One person should not have been able to reverse the decision that was made by a collective leadership vote. The fact that was allowed to happen is a failure of governance.

One of the people who left was the one who initially nominated ThePHD for the keynote. To have your nomination approved by a vote and then unilaterally overturned by someone working through backchannels would make me angry, too. If I was volunteering a bunch of time to a project that did that to me I might consider stepping down over it.



It's a bug. Bugs happen. Systems are still systems whether they deal with people or code.

When big bugs happen, we evaluate why, and improve the system so it performs better next time. We don't blame people, we focus on what allowed people to make bad decisions. In this case, it sounds like a bad decision making process that needs a patch.


Sure, but if you don't have authority to make the patch, and especially if this sort of thing has happened repeatedly--as the linked post suggests--sometimes it's easier and better for your sanity to just leave the system.
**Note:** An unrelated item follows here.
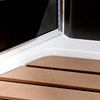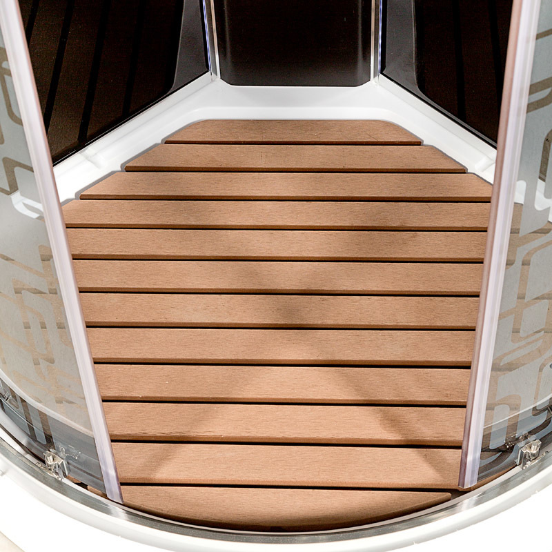 | Оснащение | зеркало, полки, душевая лейка, Настил из имитации дерева, LED-лента в световых панелях |
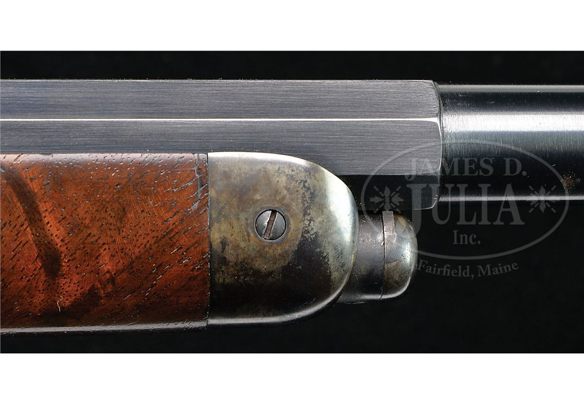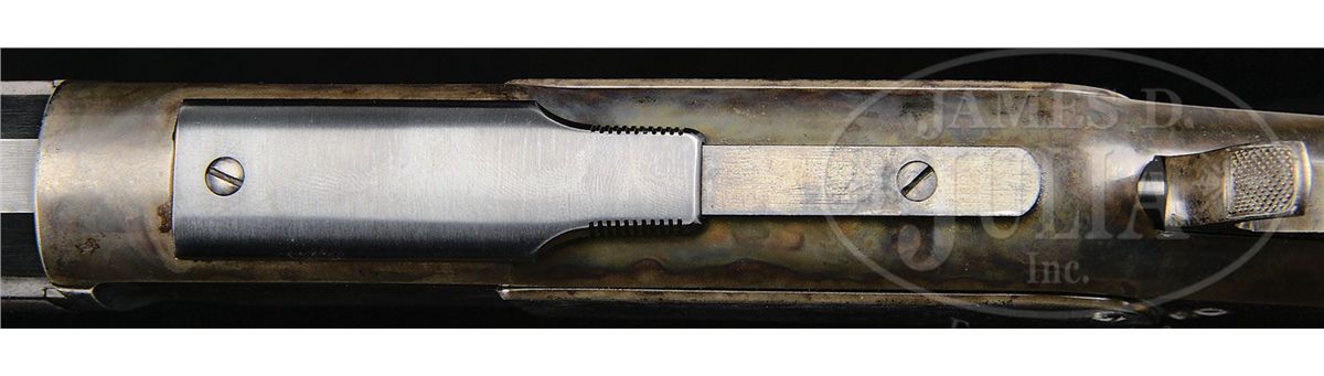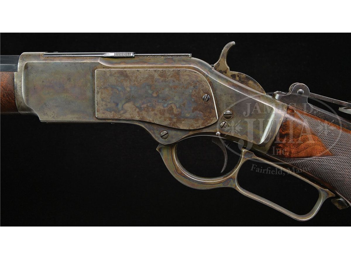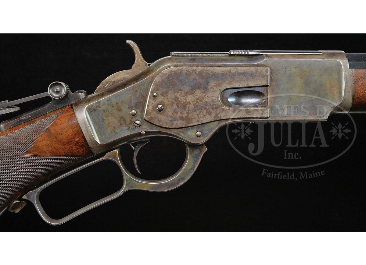 SN 85007. Cal. 44 WCF (44-40). Fine special order 2nd model rifle with 24-1/4" oct to rnd bbl, button mag, German silver Rocky Mountain front sight, semi-buckhorn rear sight and a thick base adjustable tang sight with 4" staff. Receiver has screwed-on dust cover rail with 3rd type dust cover and also has single-set trigger. Mounted with 2-3X, highly figured American walnut with H-style checkered forearm and black insert serpentine grip buttstock that has crescent buttplate with trap. Left side of lower tang, under the wood, is marked "XX" and assembly number "4202". Matching assembly number is found in the top tang channel of buttstock and inside toe of buttplate. Accompanied by a Cody Firearms Museum letter which identifies this rifle with 1/2 oct bbl, set trigger, 1/2 magazine, checkered stock with pistol grip and case hardened, received in warehouse Apr 12, 1882 and shipped the same day to order #32276. Given that this rifle was produced in 1882 which was the height of the great westward expansion of Manifest Destiny, while the Indian Wars were still underway and repeating firearms were in great demand it is very probable that this rifle may have gone west with a pioneer or could possibly have been used by and outlaw or member of law enforcement on the frontier. Firearms of that era usually saw very hard service under harsh circumstances and are rarely found with high original finish. CONDITION: Very fine, all original. Bbl retains about 96-97% strong original blue with 3 or 4 scattered small spots of fine pinprick pitting and wear primarily on the sharp edges. Receiver retains most of its orig case colors, moderately faded with some fine surface etching on the right side plate. Lever retains about all of its orig case colors, strong and bright on the sides, moderately faded on the outer faces. Hammer retains strong case colors. Buttplate retains about all of its very strong case colors, turned a little silver on the tang. Wood is sound with a few scattered light nicks and scratches and retains about 96-97% bright orig piano varnish finish on the buttstock and about 60% on the forearm with the balance turned dull from hand wear. Checkering shows light to moderate diamond point wear. Mechanics are crisp, brilliant shine bore, may have been fired, but if so, very little. Bolt face and loading gate retain most of their orig finish. 4-49303 JR240

100%. That's why I ducked out of the boy scouts, why I ducked out of Amazon, why I ducked out of my abusive family.

Some things you do have to step away from.
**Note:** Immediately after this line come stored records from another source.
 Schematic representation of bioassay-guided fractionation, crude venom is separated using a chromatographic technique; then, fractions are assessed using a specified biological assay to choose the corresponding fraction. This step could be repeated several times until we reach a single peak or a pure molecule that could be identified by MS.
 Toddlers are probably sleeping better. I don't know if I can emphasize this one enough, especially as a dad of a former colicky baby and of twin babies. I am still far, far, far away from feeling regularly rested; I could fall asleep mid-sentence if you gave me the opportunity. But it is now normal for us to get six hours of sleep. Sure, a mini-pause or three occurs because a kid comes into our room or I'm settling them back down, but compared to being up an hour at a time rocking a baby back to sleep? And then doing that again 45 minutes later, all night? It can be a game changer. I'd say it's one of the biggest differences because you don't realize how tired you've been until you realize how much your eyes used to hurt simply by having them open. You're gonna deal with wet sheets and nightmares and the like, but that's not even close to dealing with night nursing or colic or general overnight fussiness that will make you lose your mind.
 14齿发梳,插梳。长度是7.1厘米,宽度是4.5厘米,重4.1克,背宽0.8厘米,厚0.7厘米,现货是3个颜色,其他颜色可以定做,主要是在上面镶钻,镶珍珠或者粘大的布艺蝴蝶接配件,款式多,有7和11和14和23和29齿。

It's a bug when it happens to good people who are both willing and able to improve the system.

When it happens to bullies, they consider themselves smugly successful and coast onwards to the next fiasco.


It's still a bug. You have to ask "why" more. Why did the system allow bullies to be leaders? What should be done to prevent that?


Thank goodness you're here to tell us what literally no one thought about.


Other comments are calling for name and shame, or saying that groups cannot make decisions and there should be one authority.

So, while others may have thought the same as me, I am not reading a lot of comments that are in the tone of, "we're here now, how do we make the machine resilient so we never get here again."


Part of the problem here is too much collective decision-making.

Sometimes it's much better to just assign someone responsibility for something. Then if they screw up, they can learn from it, or you give the job to someone else.

I think a lot of the issue here is due to the fact that there was seemingly a one week period between the decision being made and it actually being communicated.

And then, because no one has been given authority to make decisions and actually be a leader, then everything they say has to be in this weird passive voice like "It's been decided that.." which makes it sound like a conspiracy when it's really just a fear of delegation.

The ruling committee should nominate someone to do things, and then let them do it. They should never try to actually run things themselves, it's always a disaster.